Thankfully, AAPL has done well and analysts’ average price target for the stock is above $182.

The company recently unveiled its new line of iPhones. The company kept the starting prices of the devices at the same levels as last year. Analysts expected Apple to raise those prices.

Given stable prices, demand for iPhones could increase next year following strong device sales in 2022. Apple shares show resilience after third consecutive 75% interest rate hike basis points from the Fed, suggesting that the AAPL remains an excellent technology choice even if broader indicators indicate that the economy is approaching a recession.

Fiserv (FISV)

A hand lingers on a bright blue tech wheel that says "fintech."

Source: Studio Wright / Shutterstock.com

Fiserv (NYSE:FISV) is a well-established payment processor and financial stock. The company is particularly known for its merchant solutions, including Clover and Carat.

One of the main reasons to love Fiserv is that it combines security and growth quite well. The stock is only slightly down in 2022 and has done better than many fintech stocks. FISV also experienced rapid growth, with revenue increasing 10% year-over-year in the second quarter and first half. Its EPS increases have been particularly strong, with its net income increasing 130% year-on-year in the second quarter of the quarter and 128% year-on-year in the first six months of 2022.

These good results led the company to raise its forecasts for the full year. It now expects its EPS to climb between 16% and 17% in 2022.

Fiserv is among several fintech companies seeking to buy the Spanish bank’s payments arm, Sabadell. This deal could cost up to $394 million, according to preliminary information.

Fiserv hopes to be among the shortlist of final bidders for the unit to be announced in early October. If the FISV is able to buy the payment unit, its stock should go up.

Vertex Pharmaceuticals (VRTX)

Vertex Pharmaceuticals (VRTX) logo visible on display screen

Source: Pavel Kapysh / Shutterstock.com

Vertex Pharmaceuticals (NASDAQ:VRTX) stock has some powerful and positive catalysts. Broadly speaking, he stands to benefit from President Biden’s strong support for the biotech industry. He recently signed an executive order that is supposed to spur increased manufacturing of biotech materials in the United States..

Additionally, a few weeks earlier, Vertx Pharmaceuticals announced that it had received FDA approval for its drug ORKAMBI as a treatment for people age one and older with certain types of cystic fibrosis.

Recent figures indicate that CF patients born between 2015 and 2019 have a life expectancy of just 46 years. while more than 30,000 Americans have the disorder.
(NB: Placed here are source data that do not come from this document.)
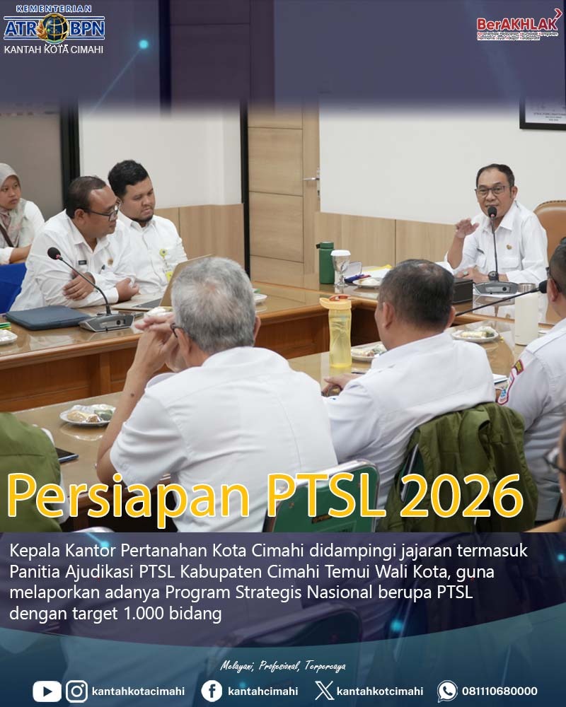 Wali Kota Cimahi Bersama BPN Kota Cimahi Targetkan 1000 Sertifikat Lewat PTSL 2026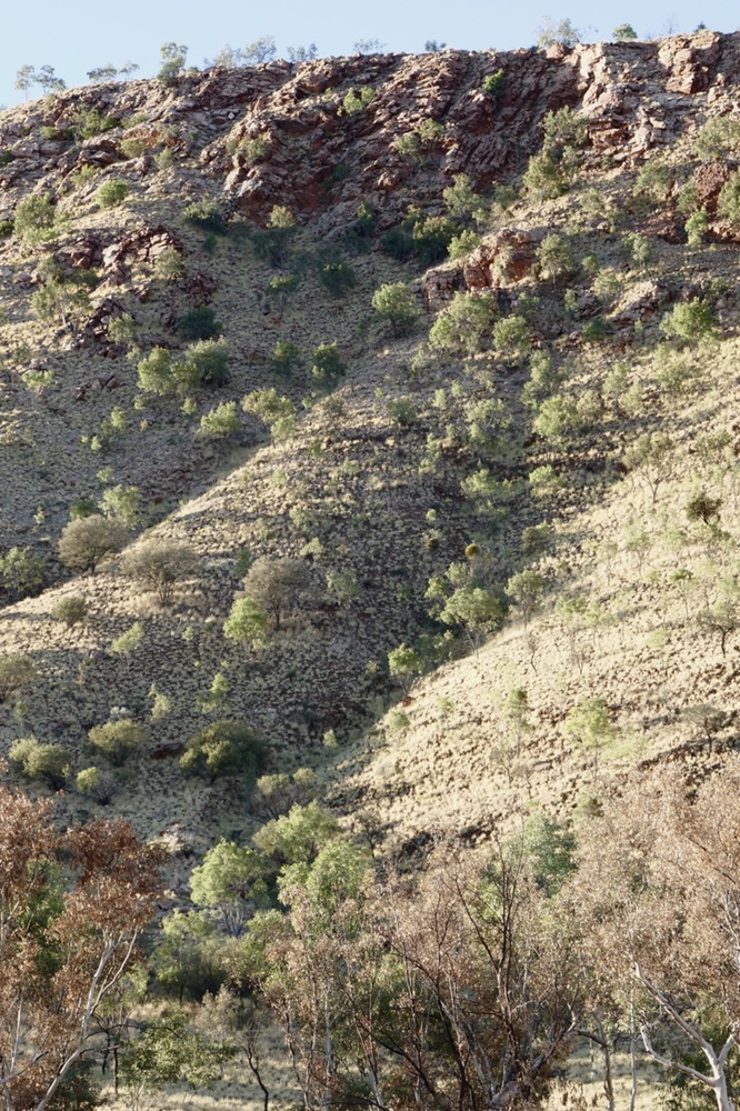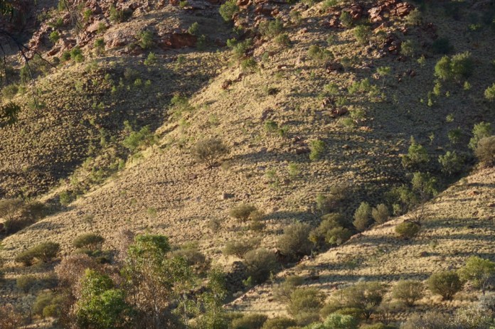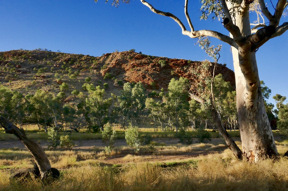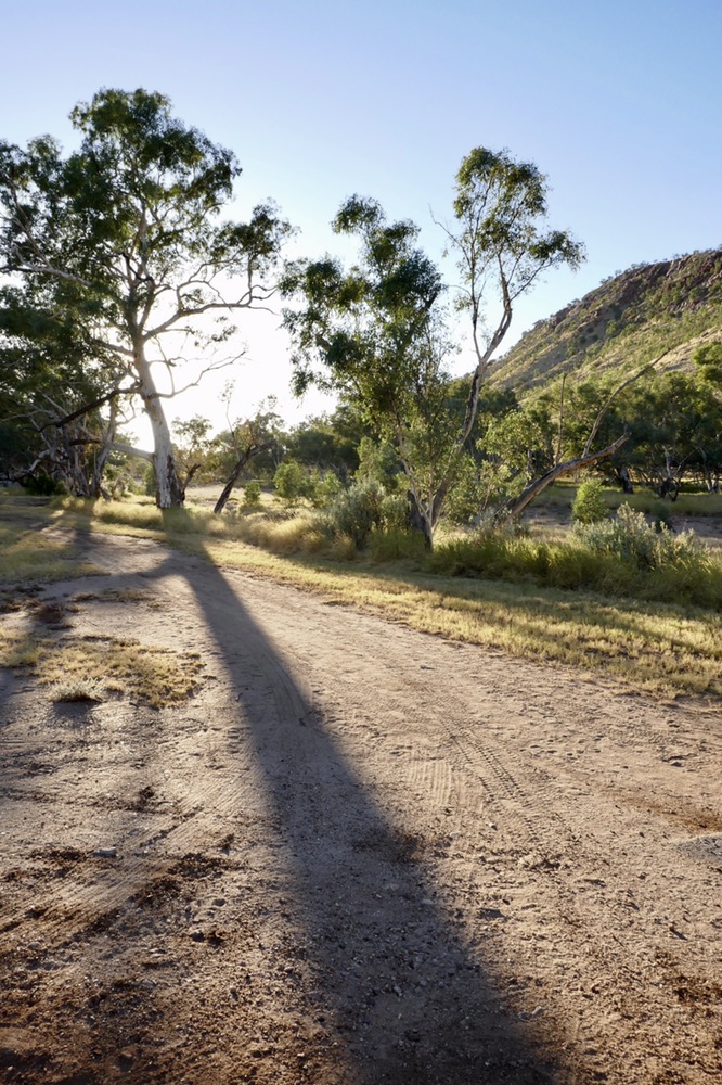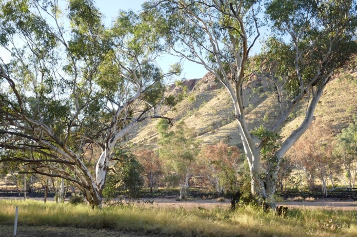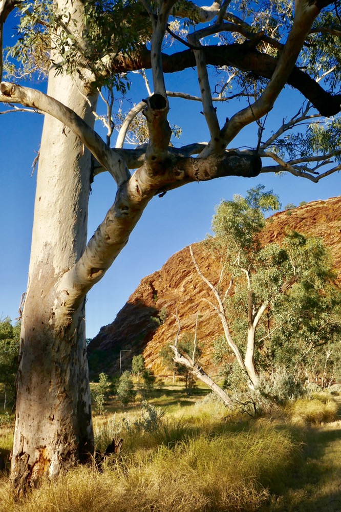 I went walking Tuesday night and then this morning, for the hour of sunset and sunrise, along the nearly dry Napperby Creek. It was about 30 meters wide when it was in flood earlier this year following the unusually high rainfall in January and February. It’s now mostly dry, sandy walking. There are a few lingering dark pools, mostly full of madly breeding mosquitos and insects. Yet sometimes they give wonderful reflections of the trees and grasses of the creek bed. The sandy floor of the creek has many undulations formed by the flow of water and eddies produced around islands, trees and shrubs. The ghost gums and river gums look especially beautiful at the extremes of the day, their multicoloured bark highlighted in patches by the oblique golden rays of the setting or rising sun. There are many birds enjoying the shade and water; zebra finches, ring necked parrots, galahs, cockatoos, budgerigars, crested pigeons, and even a wedge tail eagle was perched in a tree above me. It flew off, lumbering into the air with big lazy flaps of its immense wings; it must have been spooked by the sound of me trudging through the sand.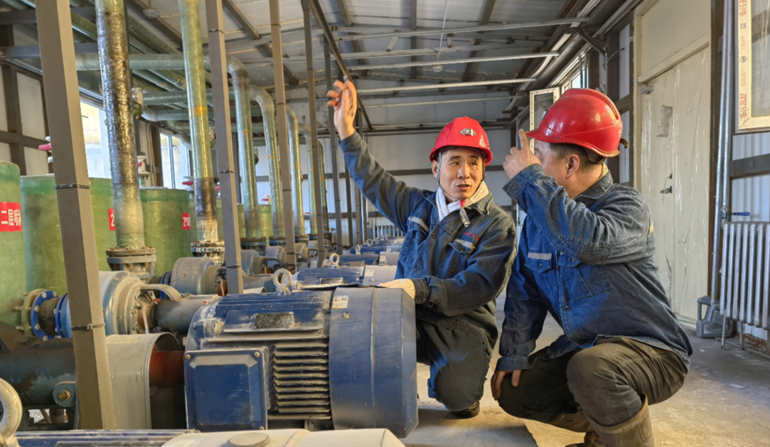 杨会军(左)在调研矿井水治理。 耿闻 摄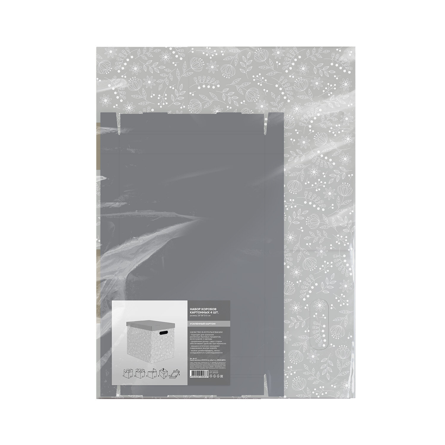 Купить Коробки для хранения вещей, игрушек, обуви, картонные, короб для хранения с крышкой, набор 8 шт, серые цветы

The data suggests that the total addressable market for ORKAMBI is quite large, while the company should be able to charge a premium price for the drug.

VRTX shares predictably fell after the Fed’s rate hike. However, they rebounded nicely on September 22 and are only down 1% today.

At the date of publication, Alex Sirois did not hold (neither directly nor indirectly) any position in the securities mentioned in this article. The opinions expressed in this article are those of the author, subject to InvestorPlace.com Publication guidelines.

Alex Sirois is an Independent InvestorPlace Contributor whose personal equity investing style focuses on long-term stock picks, buy-and-hold and wealth building. Having worked in multiple industries, from trading electronics to translation to education and using his MBA from George Washington University, he brings a diverse set of skills through which he filters his writing.